La société CL MEDICAL qui a signé l'accusé de réception de la lettre recommandée de notification de la décision le 23 février 2009, a fait appel par déclaration du 19 mars 2009.

Elle conclut à la réformation du jugement entrepris en ce qu'il a dit le licenciement non causé, au rejet de l'ensemble des demandes présentées par [Z] [XZ], subsidiairement, en l'absence de faute grave, à la seule allocation de l'indemnité conventionnelle de rupture, et, en tout état de cause, à l'allocation d'une indemnité de 5000 euros au titre des frais irrépétibles.
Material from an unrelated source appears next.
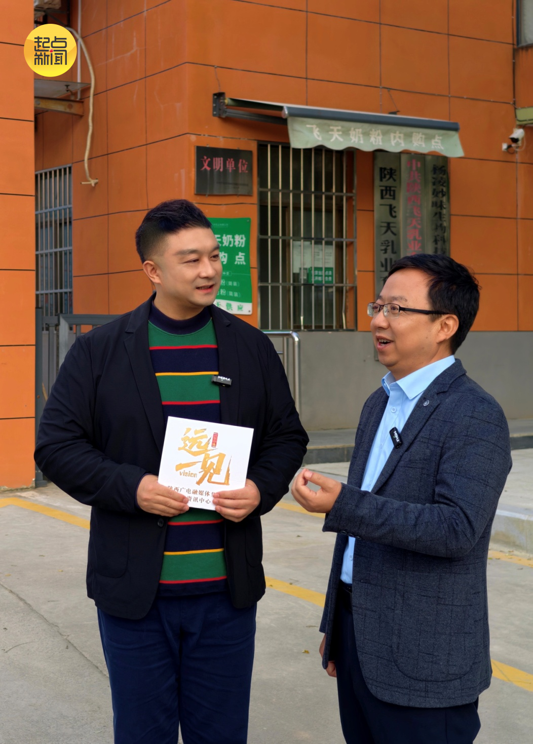 千陽縣畜產局局長張小杰(右)和主持人靳博介紹千陽奶山羊產業發展

A l'appui de son recours, elle expose que [Z] [XZ], embauchée à la création de la société et proche de ses dirigeants, a très mal accepté l'arrivée de madame [F] comme responsable commercial, poste qu'elle estimait lui revenir de sorte qu'à compter du mois d'avril 2006 elle a changé de comportement et n'a eu de cesse de dénigrer la société et de monter ses collègues VRP contre la nouvelle responsable; que cette situation, contrairement aux indications du Conseil de Prud'hommes n'est pas incompatible avec de bons résultats alors surtout qu'une large part du chiffre d'affaires est constituée de clients historiques et récurrents mais n'est pas acceptable, la vie de la société en étant perturbée et ses intérêts atteints. Elle lui dénie le droit à indemnité de clientèle, les conditions pour l'obtention d'une telle indemnité n'étant pas réunies, le licenciement étant prononcé pour faute grave, la preuve d'une perte de bénéfice n'étant pas rapportée pas plus que celle d'un apport ou d'un développement de clientèle. En toute hypothèse, elle indique que le préjudice moral n'est pas caractérisé non plus que des faits de harcèlement, que les montants réclamés tant à ces titres et qu'à celui des indemnités de clientèle et de rupture sont exagérés et non justifiés, que l'indemnité spéciale de licenciement n'est pas due et que l'indemnité conventionnelle de rupture ne se cumule pas avec celle de clientèle.

[Z] [XZ] demande de :

-confirmer la décision critiquée en ce qu'elle a dit le licenciement sans cause réelle et sérieuse et condamner la société CL MEDICAL à lui payer de ce fait :

' 4710,11 euros à titre de rappel de salaire pour la période de mise à pied conservatoire du 12 février au 7 mars 2007 outre 471,11 euros de congés payés afférents,

'18 097,20 euros à titre d'indemnité compensatrice de préavis et 1809,72 euros de congés payés afférents,

'58 342,20 euros à titre de dommages-intérêts pour licenciement sans cause réelle et sérieuse,

-l'infirmer pour le surplus et, statuant à nouveau, annuler la mise à pied du 12 janvier 2007, les avertissements des 11 septembre et 12 octobre 2006, condamner la société CL MEDICAL à lui payer les sommes de :

'5834,22 euros pour non respect de la procédure,

'333,33 euros au titre de rappel de salaires sur la période de mise à pied de 5 jours du 12 janvier 2007 et 33,33 euros de congés payés afférents,

'92 021,34 euros à titre d'indemnité de clientèle,

'23 336,80 euros nets à titre de dommages-intérêts pour préjudice moral distinct et harcèlement

subsidiairement,

'10940,74 euros net à titre d'indemnité spéciale de rupture et 1300 euros nets d'indemnité conventionnelle de rupture,

en toute hypothèse,

'3000 euros en application de l'article 700 du code de procédure civile.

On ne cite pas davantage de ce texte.